▶ Problem: Although the entries contain pictures, your copy should hold only their exact text.
── Exercise data ──
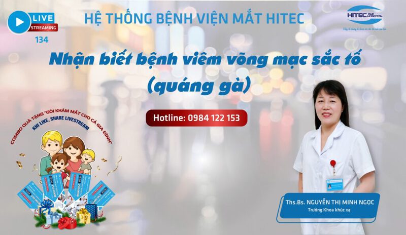 Lưu ý: Bệnh phát triển không giống nhau ở mỗi người, biểu hiện bệnh cũng tùy từng giai đoạn bệnh Bệnh nhân điều trị viêm võng mạc sắc tố cần đi khám định kỳ và ngay khi có những dấu hiệu bất thường để phát hiện các bệnh lý có thể kèm theo như: tật khúc xạ, đục thể thủy tinh, glôcôm, bong võng mạc… Việc đi khám định kỳ và khám khi có bất thường sẽ giúp điều trị kịp thời, bảo tồn thị lực tối ưu. Đón xem livestream số 134 lúc 15h00 ngày 19/04/2024 trên fanpage của Hệ thống Bệnh viện Mắt Hitec để biết thêm thông tin chi tiết về bệnh viêm võng mạc sắc tố Khách mời: Ths.Bs Nguyễn Thị Minh Ngoc – Trưởng khoa khúc xạ Bệnh viện Mắt Kỹ Thuật Cao Hà Nội. Đặc biệt, Combo quà tặng: 4 voucher ???́? ??̆́? ???̂̃? ???́ dành cho quý khán giả tương tác (like/share/comment) dưới post livestream của chương trình vào chiều thứ 6 hàng tuần. Để được tư vấn các bệnh lý về mắt, xin vui lòng liên hệ hotline ????.???.??? để được hỗ trợ -✺ ✺ ✺ - Hotline: ???? ??? ??? Website: https://benhvienmat.vn Youtube: https://www.youtube.com/@hethongbenhvienmathitec/videos ?Ệ ??Ố?? ?Ệ?? ??Ệ? ?Ắ? ????? - ????? ??? ???????? Cơ sở 1: Bệnh viện mắt kỹ thuật cao Hà Nội: 51-53-55 Trần Nhân Tông, Nguyễn Du, Hai Bà Trưng, Hà Nội Cơ sở 2: Bệnh viện chuyên khoa mắt HITEC: 55 Hàm Long, Hàng Bài, Hoàn Kiếm, Hà Nội Cơ sở 3: Trung tâm mắt kỹ thuật cao Sài Gòn: 28 Đống Đa, Phường 2, Q. Tân Bình, HCM ????? - ??̣̂? ??̂? ??? đ?̂? ??̆́? ??́??
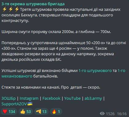 Отметим, сегодня 3-я штурмовая бригада ВСУ заявила о продвижении на 700 метров на западе Бахмута.
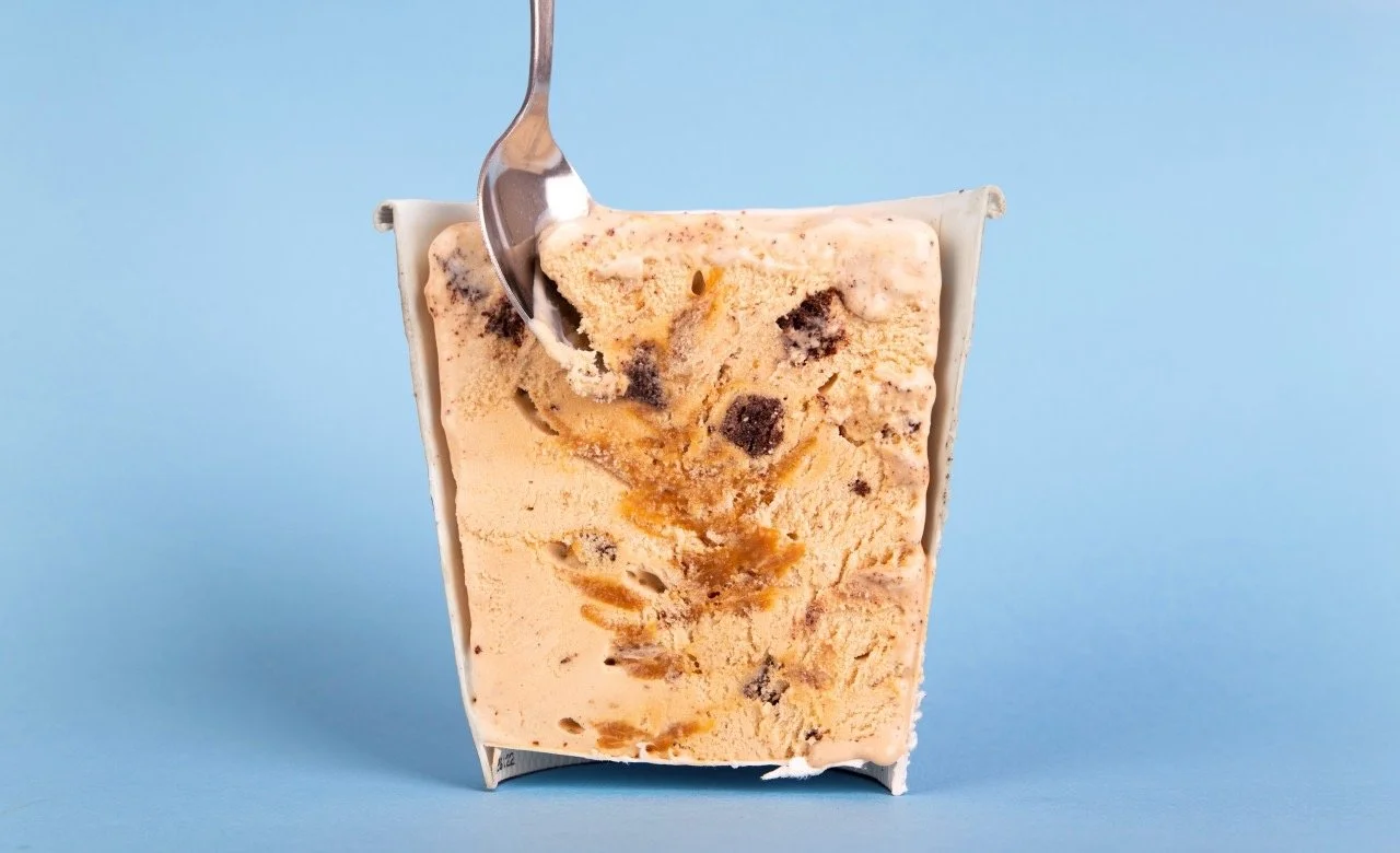 Salted caramel dairy ice cream container with caramel pieces and a gold spoon on white cloth with an orange blanket.
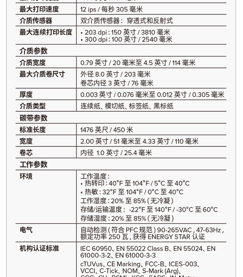 • 性能:打印材料: 銅版紙;合成紙;PET
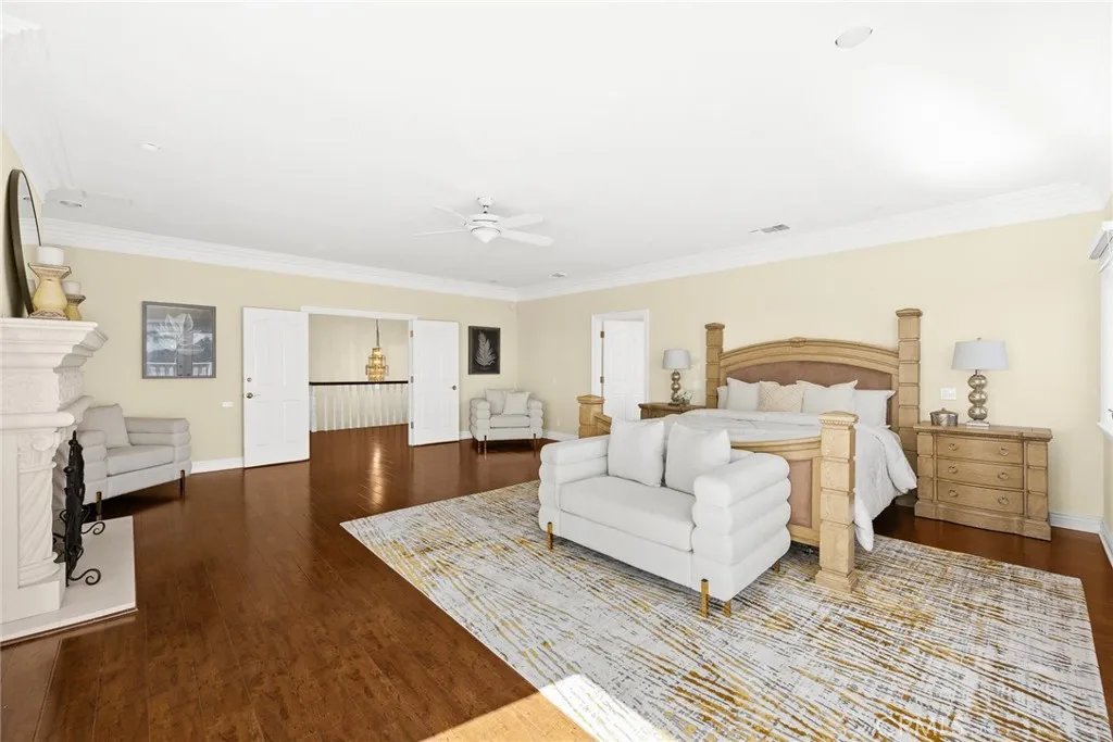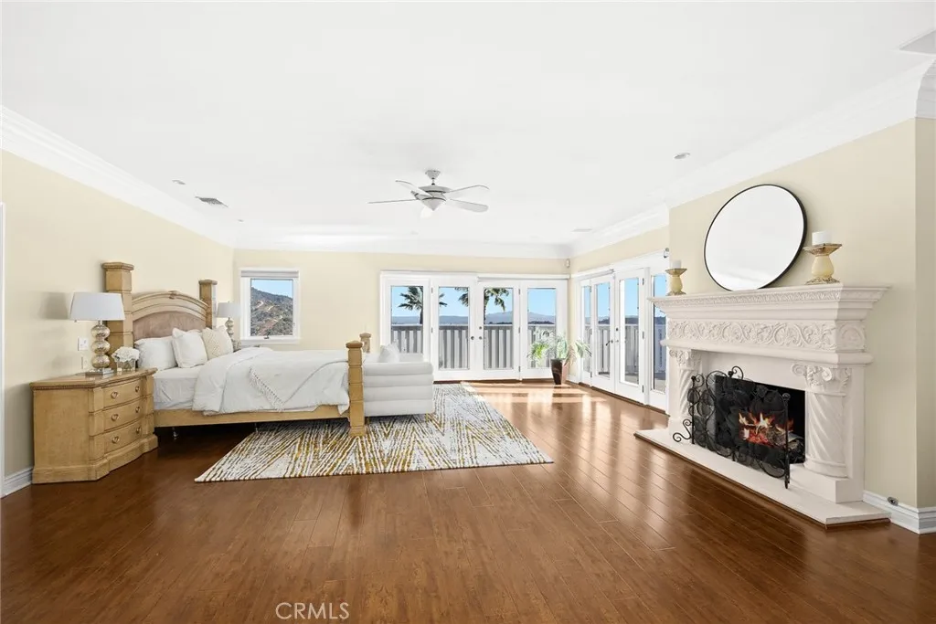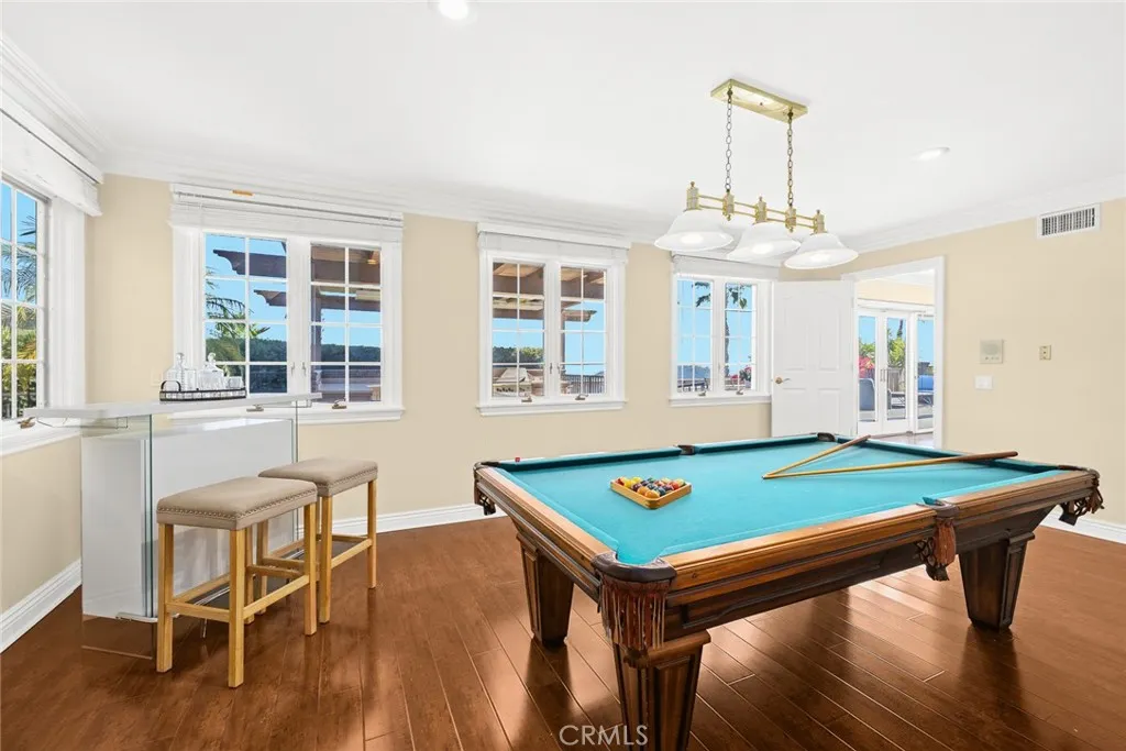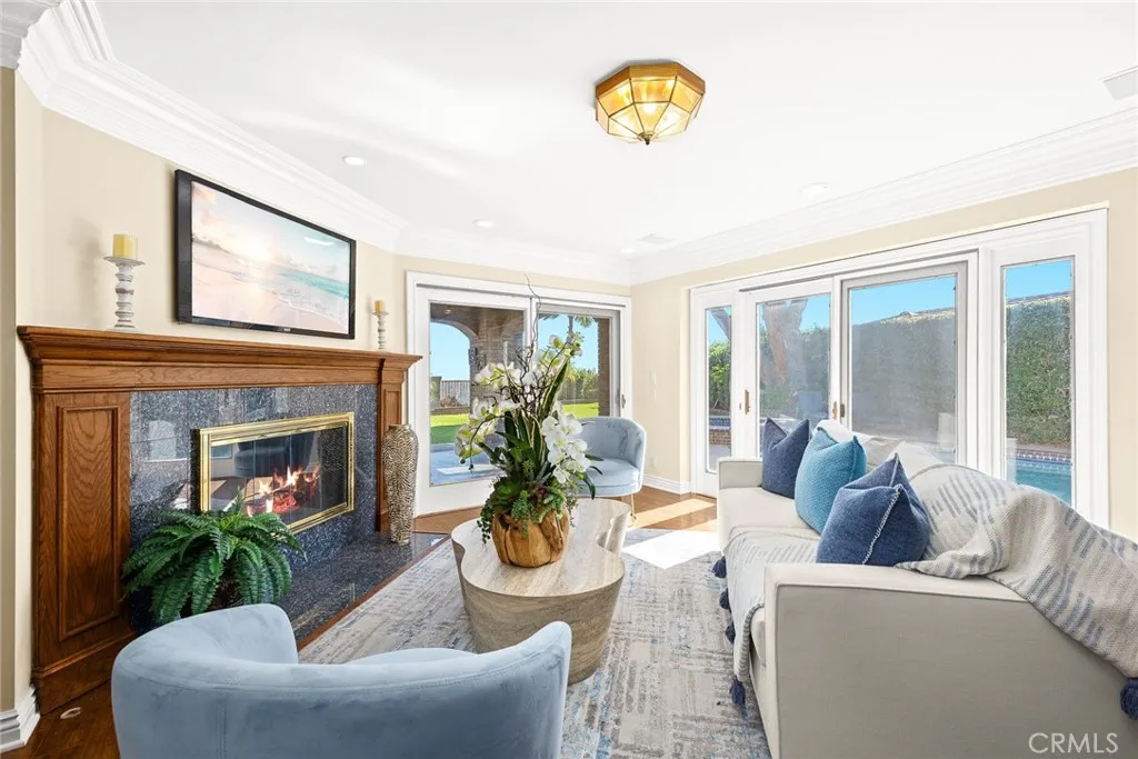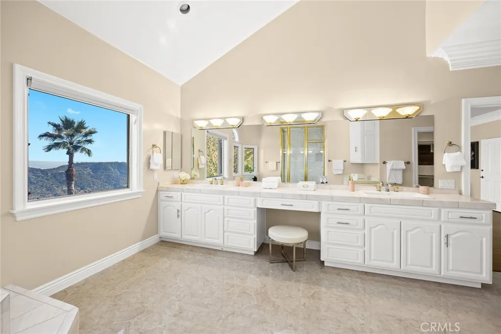 This spectacular view home, nestled in Arcadia's highly desirable Highland Oaks neighborhood, is part of the prestigious Arcadia School District and exemplifies Southern California living with expansive panoramic views of the gardens, mountains and city lights. Situated on a hilltop, this beautifully updated estate offers the perfect combination of serenity, breathtaking views and privacy. As you approach the home you're welcomed by a meticulously landscaped front yard and a paved circular driveway leading to an elegant entry. The artistry of marble inlay flooring graces the entry and living room, which seamlessly integrates indoor and outdoor spaces through walls of glass windows framing the stunning landscapes. The bright family room, with views of the pool and canyon, opens onto a large outdoor patio, perfect for entertaining. Anchored by two gas fireplaces, one in the living room and another in the family room, this home exudes warmth and comfort. The formal dining room and breakfast room, both featuring walls of glass, continue showcasing gorgeous scenic canyon views. Additional features include a large recreation room and beautiful wood floors throughout the living areas, enhancing the home's natural charm. Originally built in 1959 then rebuilt in 1991, this expansive 6,103 sq. ft. estate offers 8 bedrooms, 7.5 bathrooms, with 5 en-suite bedrooms upstairs and 1 en-suite downstairs. The primary suite elevates luxury with a fireplace, direct access to a sun-deck patio, two large walk-in closets, and a spa-like bathroom with a soaking tub offering incredible canyon views
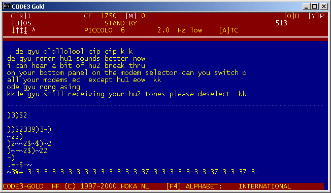 DATE 23-03-2001 TIME 14:36:11 SYSTEM PICCOLO ch 1 FREQUENCY 16163.500 kHz BAUDRATE 20.000 SHIFT 50 Hz Testo
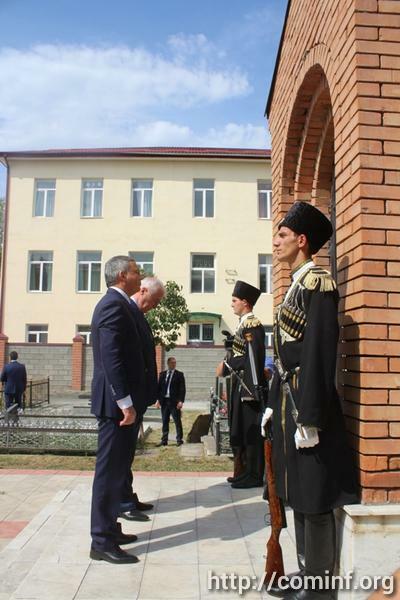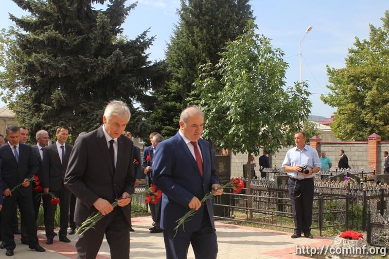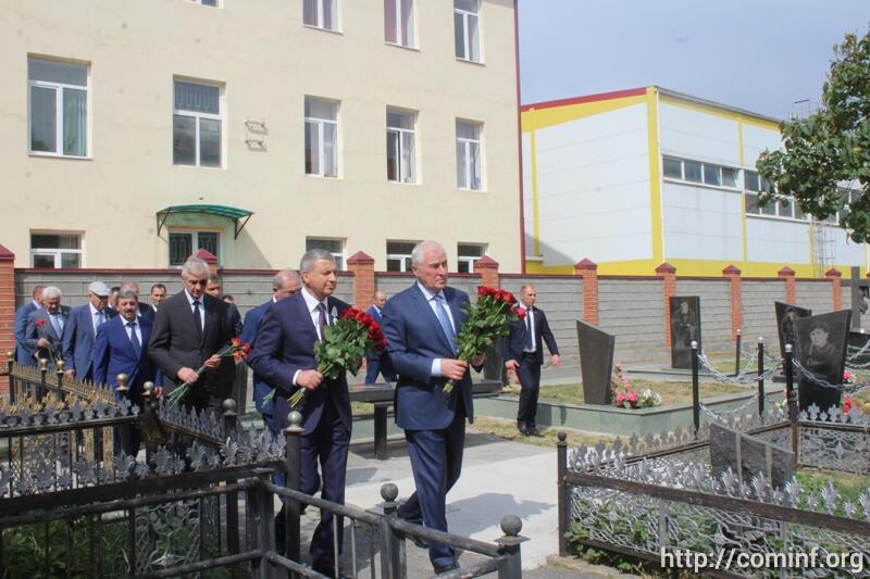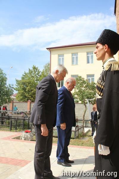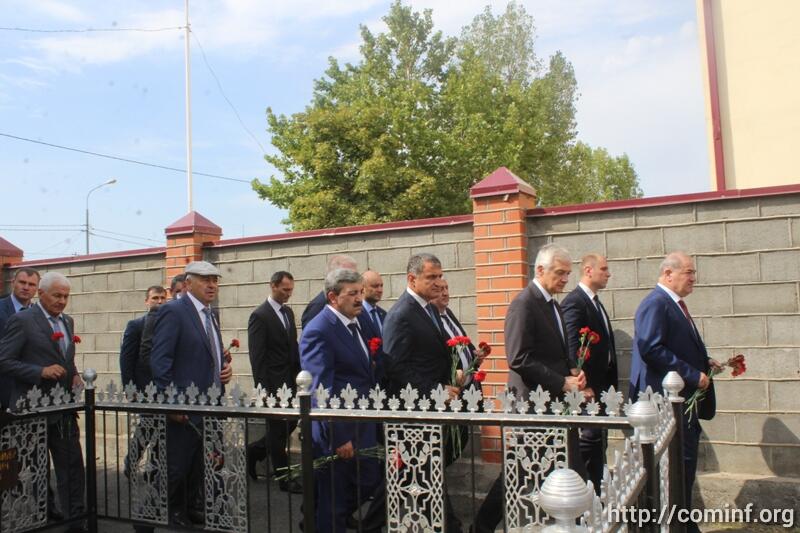 прибывшими сегодня в Республику на празднование Дня признания государственной независимости Республики Южная Осетия Российской Федерацией возложили цветы к часовне на Мемориальном кладбище во дворе Цхинвальской школы №5 в память о жертвах грузинской агрессии.
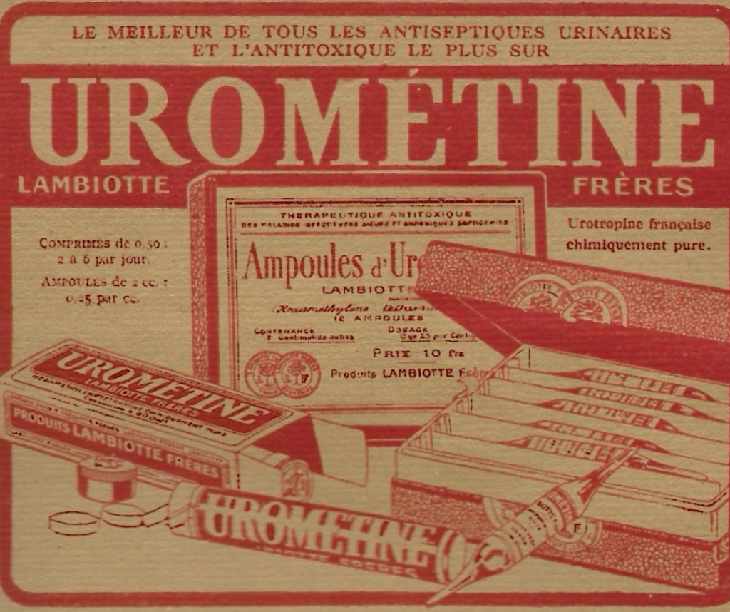 Lambiotte proposait aussi l’Urométine, « l’Urotropine française ». Lambiotte explique que « c’est au grand thérapeute Huchard que revient le mérite d’avoir mené le bon combat contre les produits pharmaceutiques allemands qui inondaient notre marché…. L’urotropine est la dénomination allemande d’un produit essentiellement français, l’hexaméthylènetétramine. Il importe donc de soutenir le produit de Lambiotte qui l’a présentée sous le nom d’Urométine.
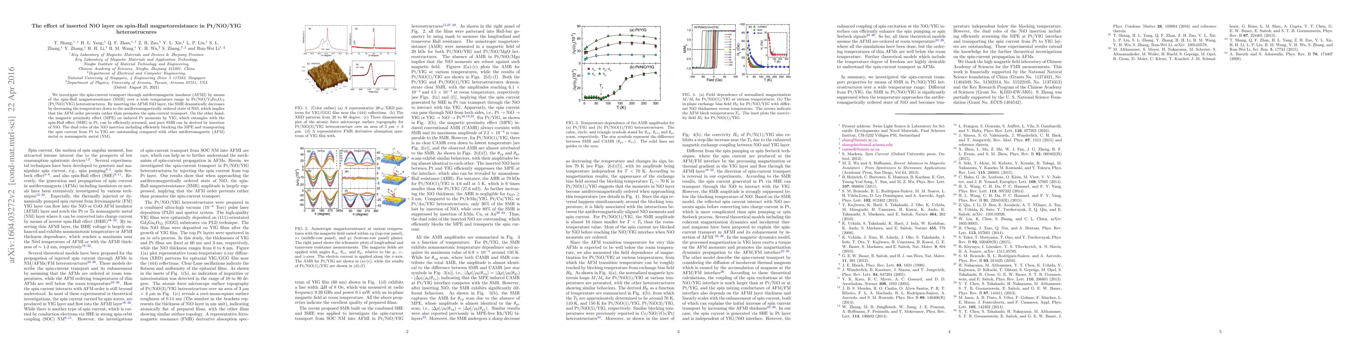 This study explores the impact of inserting a NiO layer on spin-Hall magnetoresistance in Pt/NiO/YIG heterostructures, revealing that NiO reduces SMR by blocking spin-current transport when it enters the antiferromagnetically ordered state. The NiO layer also screens the magnetic proximity effect, allowing for pure SMR derivation.
───
▶ Solved problem:
 Lưu ý: Bệnh phát triển không giống nhau ở mỗi người, biểu hiện bệnh cũng tùy từng giai đoạn bệnh Bệnh nhân điều trị viêm võng mạc sắc tố cần đi khám định kỳ và ngay khi có những dấu hiệu bất thường để phát hiện các bệnh lý có thể kèm theo như: tật khúc xạ, đục thể thủy tinh, glôcôm, bong võng mạc… Việc đi khám định kỳ và khám khi có bất thường sẽ giúp điều trị kịp thời, bảo tồn thị lực tối ưu. Đón xem livestream số 134 lúc 15h00 ngày 19/04/2024 trên fanpage của Hệ thống Bệnh viện Mắt Hitec để biết thêm thông tin chi tiết về bệnh viêm võng mạc sắc tố Khách mời: Ths.Bs Nguyễn Thị Minh Ngoc – Trưởng khoa khúc xạ Bệnh viện Mắt Kỹ Thuật Cao Hà Nội. Đặc biệt, Combo quà tặng: 4 voucher ???́? ??̆́? ???̂̃? ???́ dành cho quý khán giả tương tác (like/share/comment) dưới post livestream của chương trình vào chiều thứ 6 hàng tuần. Để được tư vấn các bệnh lý về mắt, xin vui lòng liên hệ hotline ????.???.??? để được hỗ trợ -✺ ✺ ✺ - Hotline: ???? ??? ??? Website: https://benhvienmat.vn Youtube: https://www.youtube.com/@hethongbenhvienmathitec/videos ?Ệ ??Ố?? ?Ệ?? ??Ệ? ?Ắ? ????? - ????? ??? ???????? Cơ sở 1: Bệnh viện mắt kỹ thuật cao Hà Nội: 51-53-55 Trần Nhân Tông, Nguyễn Du, Hai Bà Trưng, Hà Nội Cơ sở 2: Bệnh viện chuyên khoa mắt HITEC: 55 Hàm Long, Hàng Bài, Hoàn Kiếm, Hà Nội Cơ sở 3: Trung tâm mắt kỹ thuật cao Sài Gòn: 28 Đống Đa, Phường 2, Q. Tân Bình, HCM ????? - ??̣̂? ??̂? ??? đ?̂? ??̆́? ??́??
 Отметим, сегодня 3-я штурмовая бригада ВСУ заявила о продвижении на 700 метров на западе Бахмута.
 Salted caramel dairy ice cream container with caramel pieces and a gold spoon on white cloth with an orange blanket.
 • 性能:打印材料: 銅版紙;合成紙;PET
 This spectacular view home, nestled in Arcadia's highly desirable Highland Oaks neighborhood, is part of the prestigious Arcadia School District and exemplifies Southern California living with expansive panoramic views of the gardens, mountains and city lights. Situated on a hilltop, this beautifully updated estate offers the perfect combination of serenity, breathtaking views and privacy. As you approach the home you're welcomed by a meticulously landscaped front yard and a paved circular driveway leading to an elegant entry. The artistry of marble inlay flooring graces the entry and living room, which seamlessly integrates indoor and outdoor spaces through walls of glass windows framing the stunning landscapes. The bright family room, with views of the pool and canyon, opens onto a large outdoor patio, perfect for entertaining. Anchored by two gas fireplaces, one in the living room and another in the family room, this home exudes warmth and comfort. The formal dining room and breakfast room, both featuring walls of glass, continue showcasing gorgeous scenic canyon views. Additional features include a large recreation room and beautiful wood floors throughout the living areas, enhancing the home's natural charm. Originally built in 1959 then rebuilt in 1991, this expansive 6,103 sq. ft. estate offers 8 bedrooms, 7.5 bathrooms, with 5 en-suite bedrooms upstairs and 1 en-suite downstairs. The primary suite elevates luxury with a fireplace, direct access to a sun-deck patio, two large walk-in closets, and a spa-like bathroom with a soaking tub offering incredible canyon views
 DATE 23-03-2001 TIME 14:36:11 SYSTEM PICCOLO ch 1 FREQUENCY 16163.500 kHz BAUDRATE 20.000 SHIFT 50 Hz Testo
 прибывшими сегодня в Республику на празднование Дня признания государственной независимости Республики Южная Осетия Российской Федерацией возложили цветы к часовне на Мемориальном кладбище во дворе Цхинвальской школы №5 в память о жертвах грузинской агрессии.
 Lambiotte proposait aussi l’Urométine, « l’Urotropine française ». Lambiotte explique que « c’est au grand thérapeute Huchard que revient le mérite d’avoir mené le bon combat contre les produits pharmaceutiques allemands qui inondaient notre marché…. L’urotropine est la dénomination allemande d’un produit essentiellement français, l’hexaméthylènetétramine. Il importe donc de soutenir le produit de Lambiotte qui l’a présentée sous le nom d’Urométine.
 This study explores the impact of inserting a NiO layer on spin-Hall magnetoresistance in Pt/NiO/YIG heterostructures, revealing that NiO reduces SMR by blocking spin-current transport when it enters the antiferromagnetically ordered state. The NiO layer also screens the magnetic proximity effect, allowing for pure SMR derivation.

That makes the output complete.